Les entreprises dans le collimateur de l’exécutif européen auraient répondu de manière concertée à des appels publics organisés par les collectivités locales pour déléguer la gestion des services d’eau potable et d’assainissement. En outre la Commission a des raisons de croire que ces entreprises pourraient notamment avoir imposé des prix de l’eau et de l’assainissement inéquitables aux collectivités locales, et in fine aux consommateurs, dans le cadre de la gestion déléguée de ces services. Conformément à son habitude, la Commission n’a révélé aucun des noms des entreprises concernées et a précisé que ces inspections constituaient une phase préliminaire dans les enquêtes portant sur des pratiques anticoncurrentielles présumées mais ne présument en rien de la culpabilité des sociétés inspectées. Néanmoins, le site pro-environnement.com indique avoir eu confirmation que les sièges parisiens de Suez environnement et Lyonnaise des eaux - deux sociétés du groupe GDF Suez numéro 2 français de secteur de l’eau avec 19 % des parts du marché - avaient fait l’objet de ces inspections ainsi que deux filiales dans les Yvelines et à Toulouse. Selon une porte-parole du groupe Suez, le groupe «  collabore pleinement à l’enquête ». La Saur, anciennement la Société d’Aménagement Urbain et Rural, troisième acteur du marché français, a aussi reconnu avoir été inspectée. Veolia environnement, premier acteur du marché français avec 39 % du marché, aurait elle aussi reçue la visite des inspecteurs mandatés par la Commission mais ne l’a pas confirmé.

LA GUERRE OUVERTE

L’enquête en cours aurait pour objet de vérifier les conditions dans lesquelles la concurrence peut s’exercer dans les secteurs de l’eau et l’assainissement particulièrement dans le contexte assez tendu de compétition entre Suez et Veolia.

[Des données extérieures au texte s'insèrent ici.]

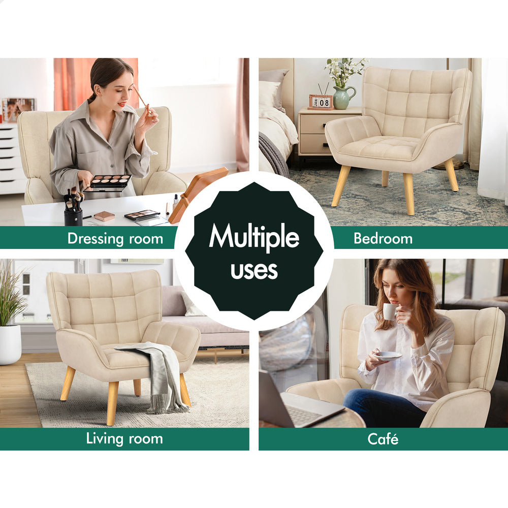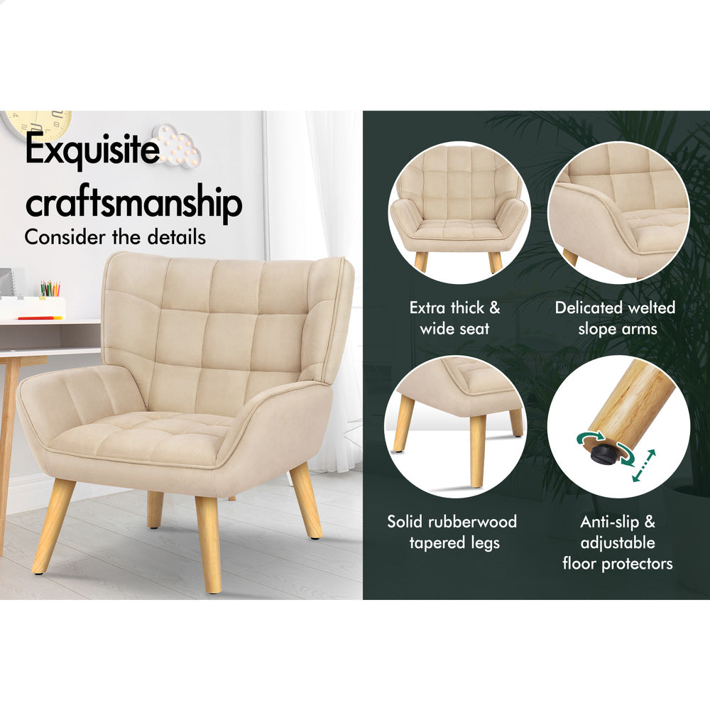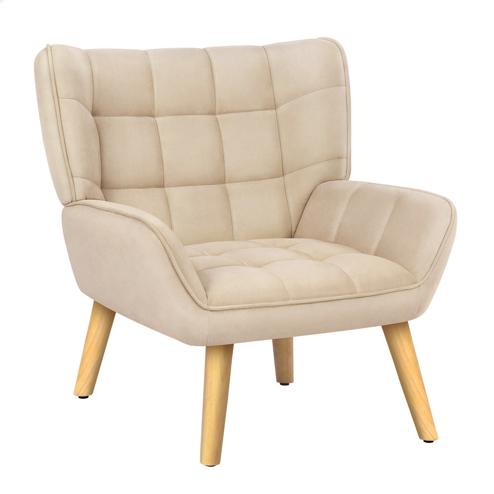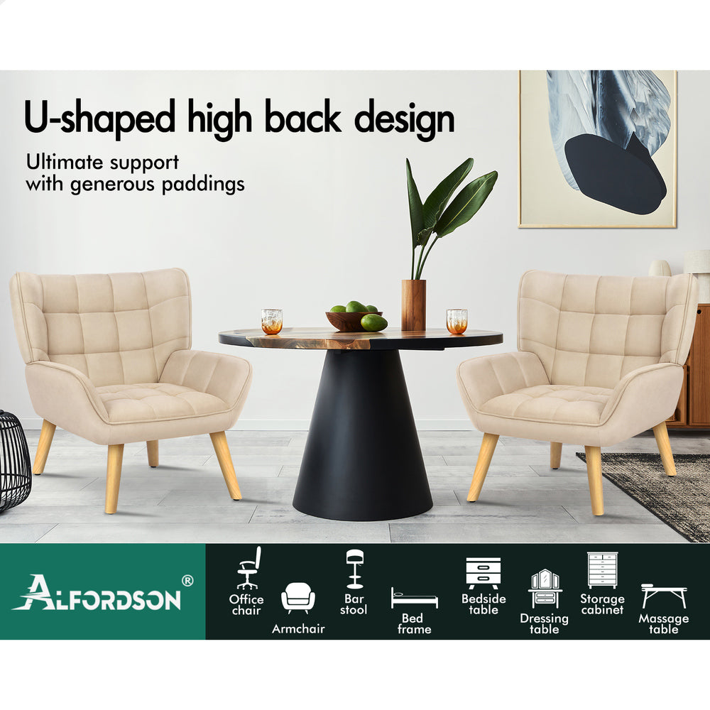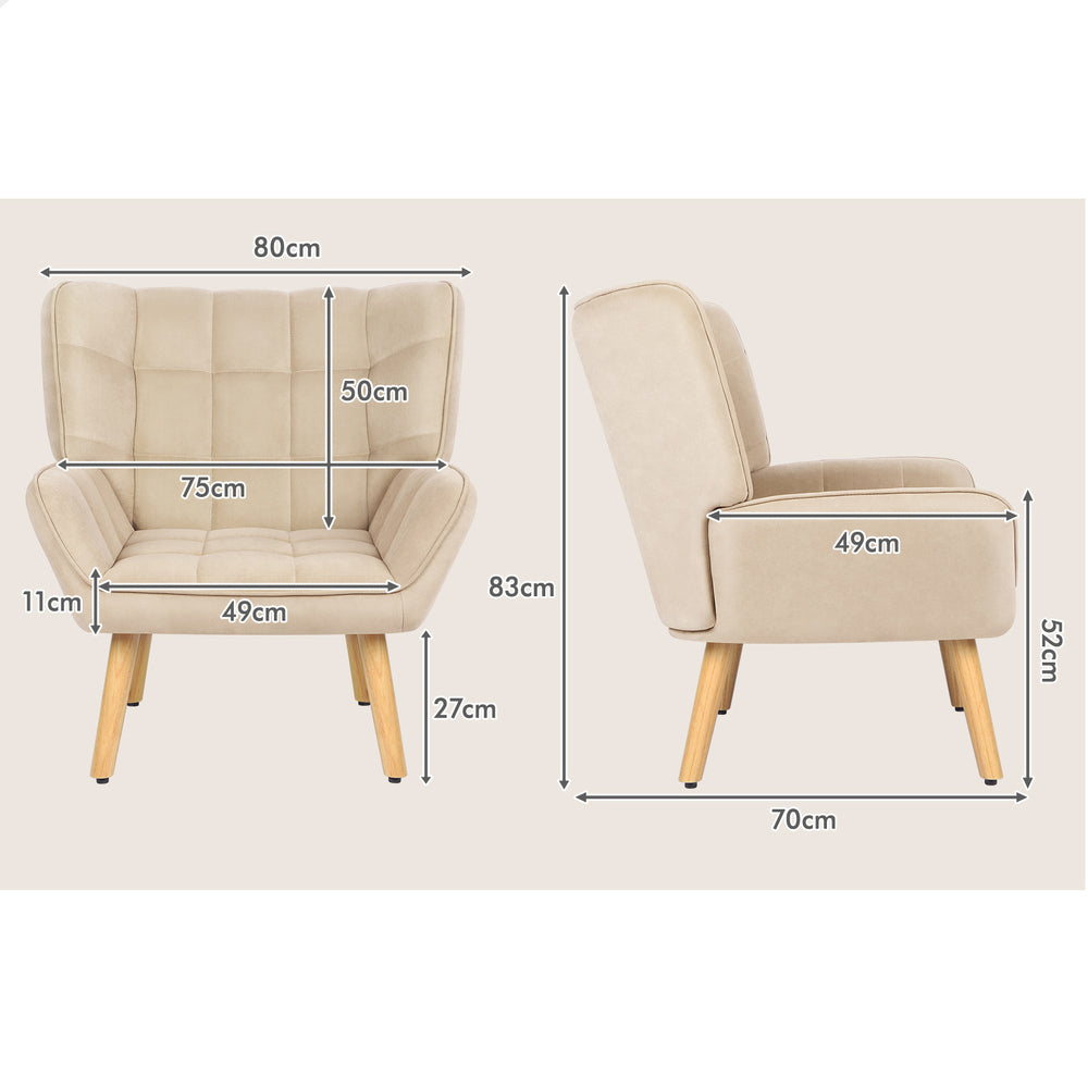 ALFORDSON Wooden Armchair Lounge Accent Chair Sofa Couch Velvet Tub Seat Beige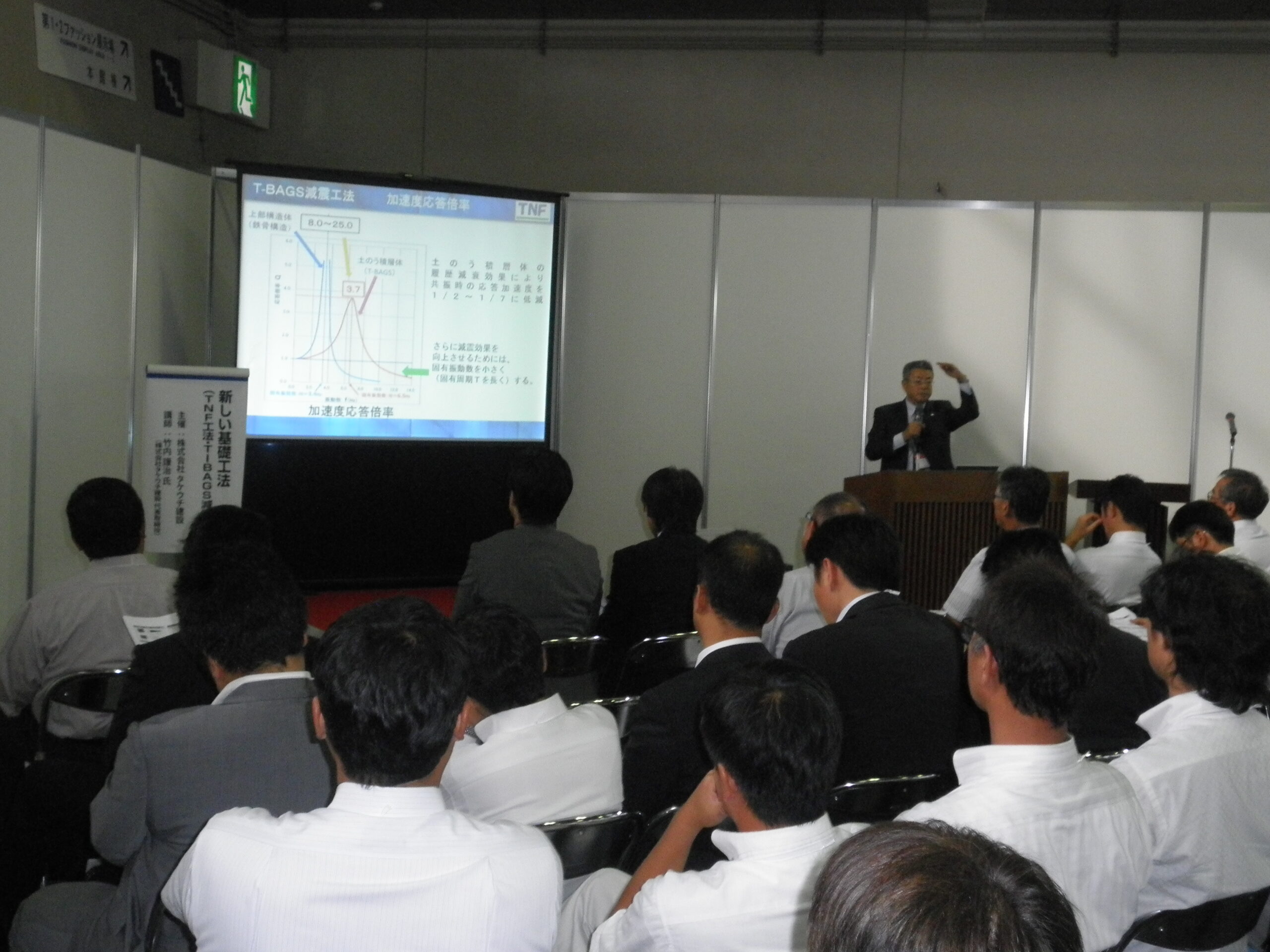 また、10月3日(木)には会場で『TNF工法・T-BAGS減震工法』のセミナーを開催致しました。                                    座席数50名を予定しておりましたが、立ち見が出るほどの大盛況でした。                               多くの方に御参加頂き、誠にありがとうございました。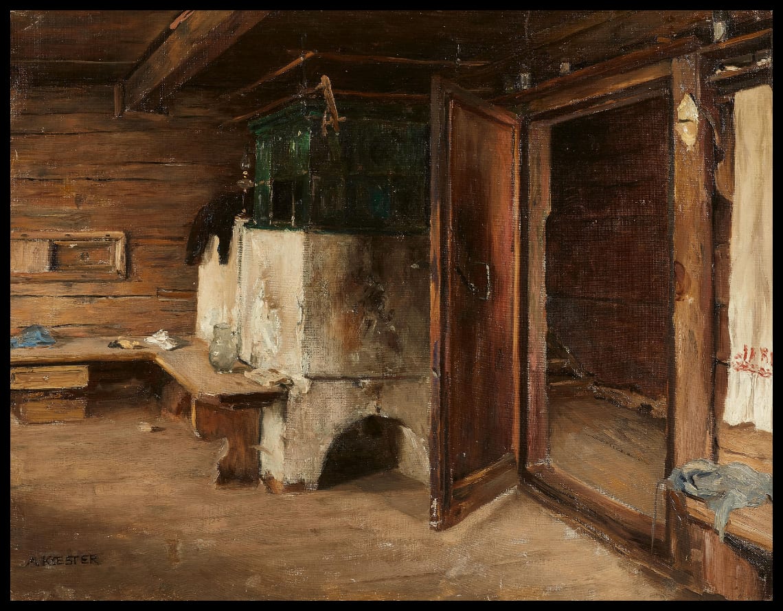 Bauernstube mit grünem Ofen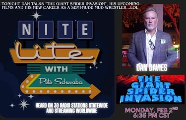 The film that put Wisconsin on the cinematic map is back! The cult classic film, "The Giant Spider Invasion" (a Top 50 Box Office Film of 1975) is getting a reimagined rebranding! Never in the history of Hollywood has a film been directed again by its original director 50 years later! Film legend Bill Rebane (he's almost 89!) will be helming this new iteration with planned filming in the Fall of 2025 with a 2026 release! This reimagined blockbuster will be filmed in Wisconsin, starring Wisconsin's very own Dan Davies, the No. 1 American Box Office Actor in the history of Nollywood. Dan's films have been seen by over 50,000,000 people theatrically (Africa & Europe) and worldwide on Netflix & Hulu. Coupled with an all-star production team, this reiteration promises to be scarier, campier, creepier and leggier! Come join us as we hit the ground running on all 8 hairy legs!
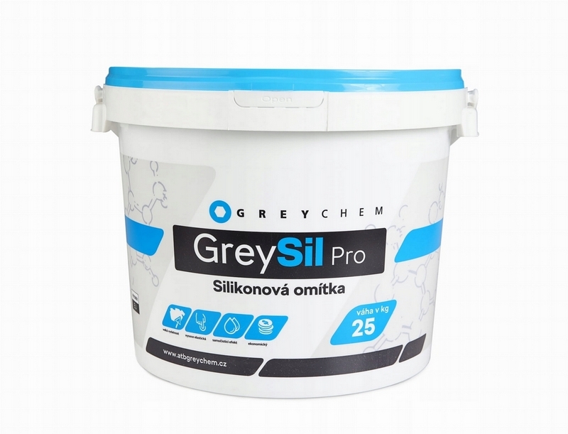 Cienkowarstwowy tynk silikonowy GreySil Pro produkowany jest na bazie wodnej dyspersji żywicy akrylowej z wypełniaczami mineralnymi, domieszkami modyfikującymi, hydrofobizatorami silikonowymi i pigmentami. Po stwardnieniu wodo- i mrozoodporna. Charakteryzuje się dużą przyczepnością i elastycznością, trwałością zabarwienia, wysoką odpornością na uderzenia oraz wpływ czynników atmosferycznych.Masa przeznaczona jest do ręcznego wykonywania dekoracyjnych, pocienionych wypraw tynkarskich na podłożach betonowych, mineralnych tynkach podkładowych, tynkach gipsowych i płytach kartonowo – gipsowych. Do stosowania wewnątrz i na zewnątrz budynków.

Les deux groupes ont, en mars dernier, dû décroiser certaines participations communes dans douze sociétés tenues à parts égales en réponse aux exigences de l’autorité française de la concurrence et sont maintenant rivaux sur bon nombre d’attributions de marchés publics de l’eau. Le gendarme français de la concurrence estimait en effet que dans les villes où ces sociétés communes entre Suez Environnement et Veolia distribuaient l’eau ou assuraient l’assainissement, les appels d’offres ne se déroulaient pas conformément aux règles en vigueur et qu’il y avait «  abus de position dominante collective ». Un exemple de la guerre que se livrent les deux groupes a été fourni par l’action en justice introduite (et gagnée) par Suez contre Veolia qui s’était vu confier la gestion du service de l’eau de la ville de Montauban (Tarn et Garonne). Il semblerait que cette attribution intéresse les services de la concurrence de la Commission. Une porte-parole du groupe Saur a révélé que les questions ont porté notamment «  sur la Pologne, (les délégations de) Montauban et Versailles et le SEDIF ».

LE SEDIF

Mais l’enjeu le plus important du moment dans ce secteur au niveau européen, est sans conteste le contrat de délégation de service public du syndicat des eaux d’île de France (SEDIF) actuellement en cours d’attribution qui couvre 144 communes franciliennes hors Paris et 4 millions d’abonnés. Cet appel au secteur privé pour assurer la gestion d’un service public est arrivé à échéance. Il suscite de fortes convoitises de la part des opérateurs privés et des résistances des municipalités, qui souhaitent reprendre en main la gestion de leurs services des eaux par le biais de régies pour assurer leur autonomie, à l’instar de certaines communes de la banlieue Est de la capitale qui souhaitent se désengager du SEDIF.